┌─ Material provided
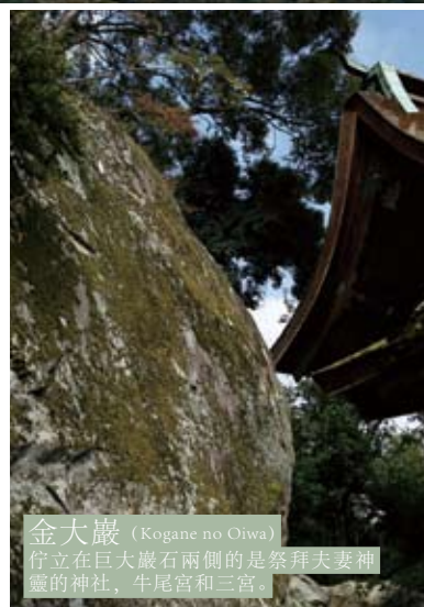
金大巖 (Kogane no Oiwa) 佇立在巨大巖石兩側的是祭拜夫妻神靈的神社，牛尾宮和三宮。

距今約150年前，明治政府發布的神佛分離令，為延續千年的神佛習合歷史畫上了句號。然而今天我們仍然可以在日本各地看到寺廟和神社的混在，不禁令人緬懷起神佛習合的殘影。比叡山坂本也是同樣，從延曆寺的回峰行到日吉大社的節慶活動乃至建築物等，神佛習合根深蒂固延續至今。
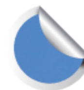
Cod. 902 Glotto
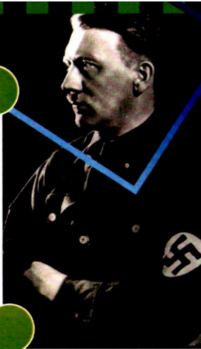
Da sinistra: un ritratto del filosofo Friedrich Wilhelm Nietzsche; Hitler
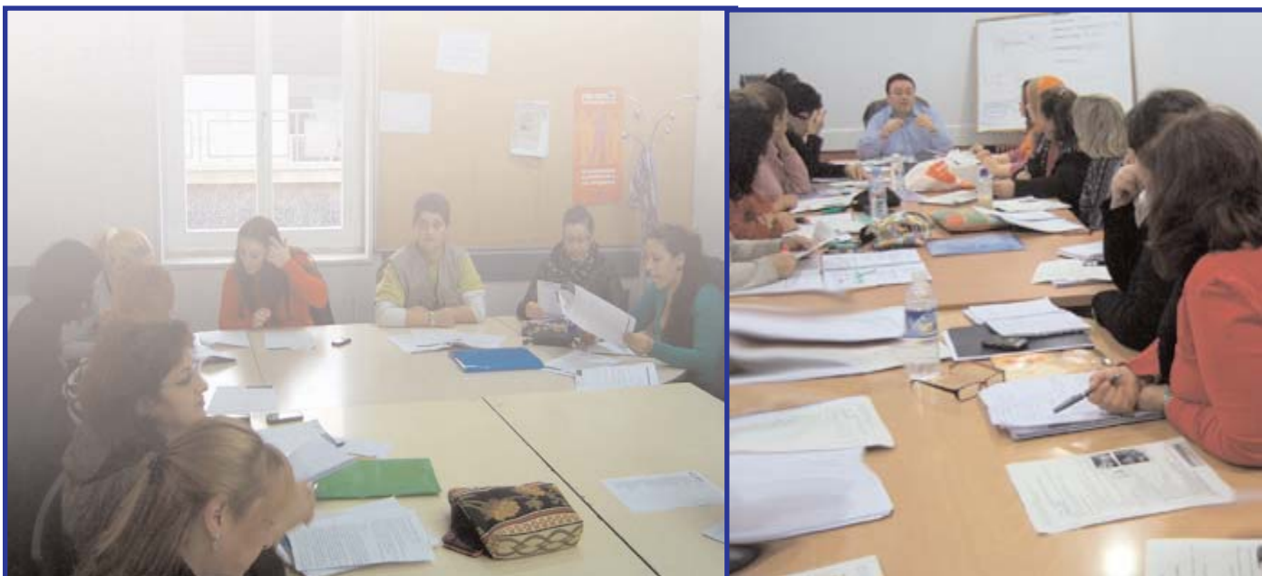
A la izquierda, alumnas del formativo ocupacional de CASM de Auxiliar de Jardín de Infancia - en Vallecas-, en su primera edición. A la derecha, los alumnos del formativo de Auxiliar de Geriatria y Dependencia - en Arganzuela-, durante una de las clases; de ellos ya han encontrado empleo seis.

Tienen una duración aproximada de tres meses e incluyen prácticas en centros homologados. Estos formativos son gratuitos, abiertos a todo el mundo - en su mayoría desempleados o personas en riesgo de exclusión social- y forman parte del programa de CASM de Apoyo y Acompañamiento Socio-laboral . Han contado con la financiación del Ayuntamiento de Madrid y de Caja Madrid.
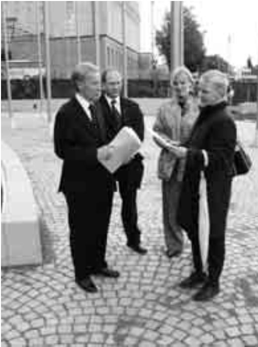
Janna Vainio (teksti & kuva)
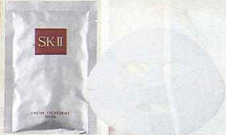
SK-II フェイシャルトリートメントマスク 6枚入り 9,975円(編集部調べ)/マックスファクター

ピテラが肌をうるおしてくれるリッチなシート マスクは、大切な仕事の前夜に必ず投入。 肌がゆらいだときに毎日使って一気にコンディ ションを取り戻す特効薬としても活用しています。
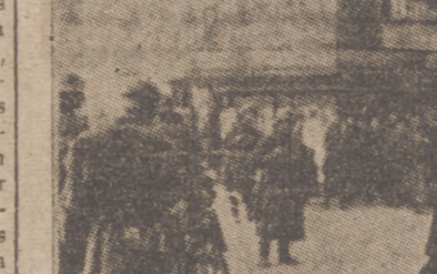
Entrada de las fuerzas armadas de Alemania en un pueblecito de Dinamarca
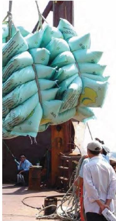
Slika 8. Pregled i brojanje vreća riže prilikom ukrcaja.
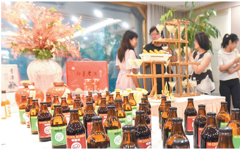
即墨老酒生产的首款气泡黄酒。资料图片

本次入选“青岛优品”名单的产品除了人们熟知的崂山矿泉水、花生油等经典产品,还有许多近期才走入大众视野的新产品,如食品饮料类入选的银杏叶精、自加热黄酒,智能家电类入选的磁悬浮离心式中央空调等,这些产品以其独特的创新性和实用性赢得了市场和消费者的青睐,不
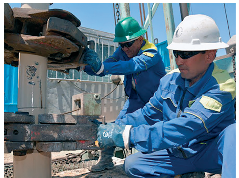
■ На смену чугуну и стали в нефтедобывающую промышленность придут изделия из растворимого магниевых сплавов, разработанного в ТГУ
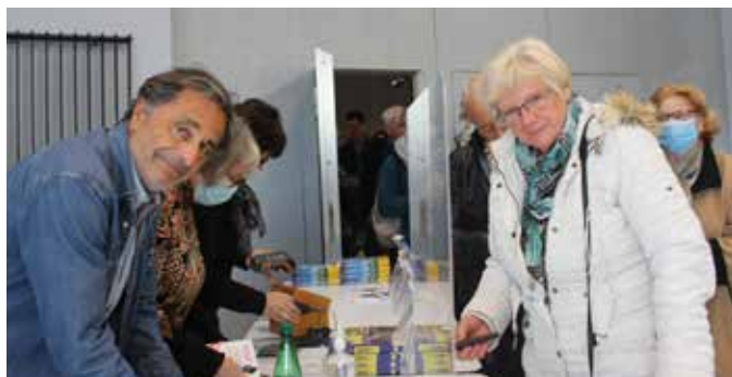
Dédicace de Nicolas Vanier

Nous souhaitons remercier nos partenaires institutionnels, artisans et commerçants ainsi que les PME et PMI du territoire qui, encore une fois, nous ont fait confiance.
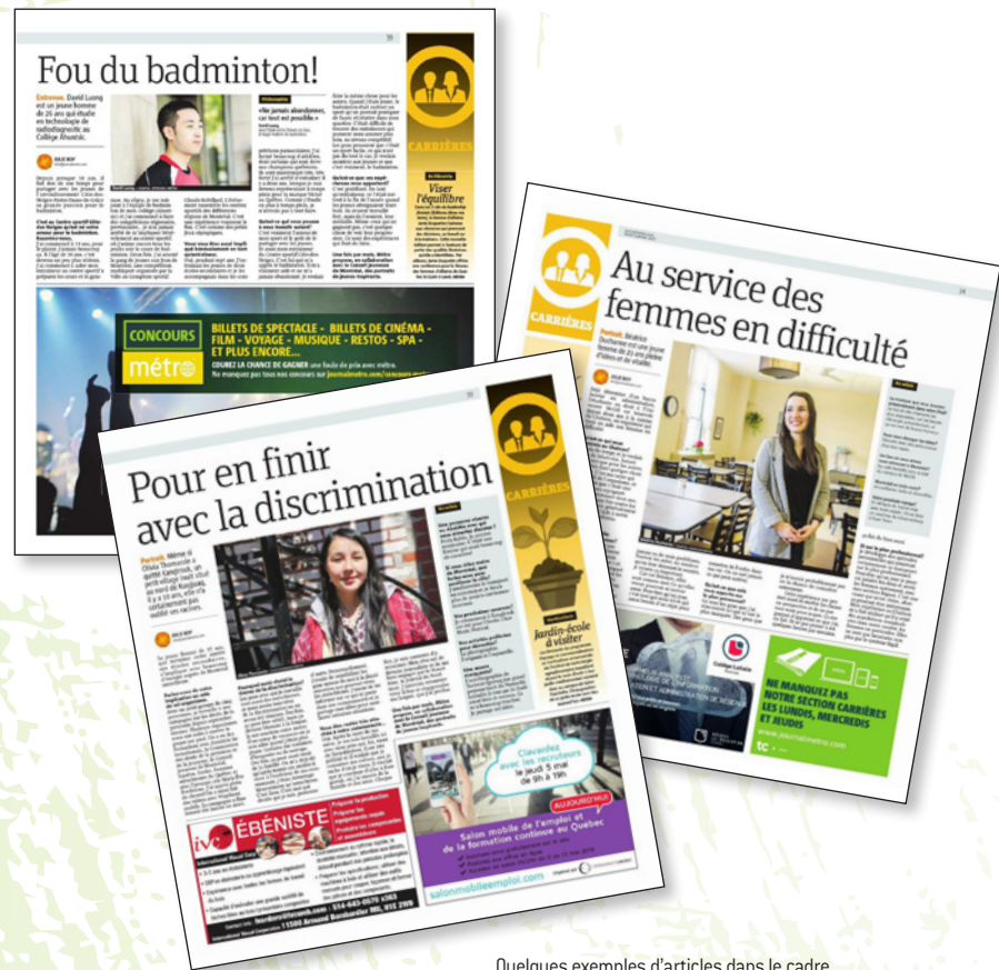
Quelques exemples d'articles dans le cadre de notre collaboration avec le journal Métro
└─
» Work request
The answer is those lines of the material above that run from the one containing "Entrada de las" up to and including the one containing "Dédicace de Nicolas Vanier", restated exactly and without images.

» Reply to the task
Entrada de las fuerzas armadas de Alemania en un pueblecito de Dinamarca
Slika 8. Pregled i brojanje vreća riže prilikom ukrcaja.
即墨老酒生产的首款气泡黄酒。资料图片

本次入选“青岛优品”名单的产品除了人们熟知的崂山矿泉水、花生油等经典产品,还有许多近期才走入大众视野的新产品,如食品饮料类入选的银杏叶精、自加热黄酒,智能家电类入选的磁悬浮离心式中央空调等,这些产品以其独特的创新性和实用性赢得了市场和消费者的青睐,不
■ На смену чугуну и стали в нефтедобывающую промышленность придут изделия из растворимого магниевых сплавов, разработанного в ТГУ
Dédicace de Nicolas Vanier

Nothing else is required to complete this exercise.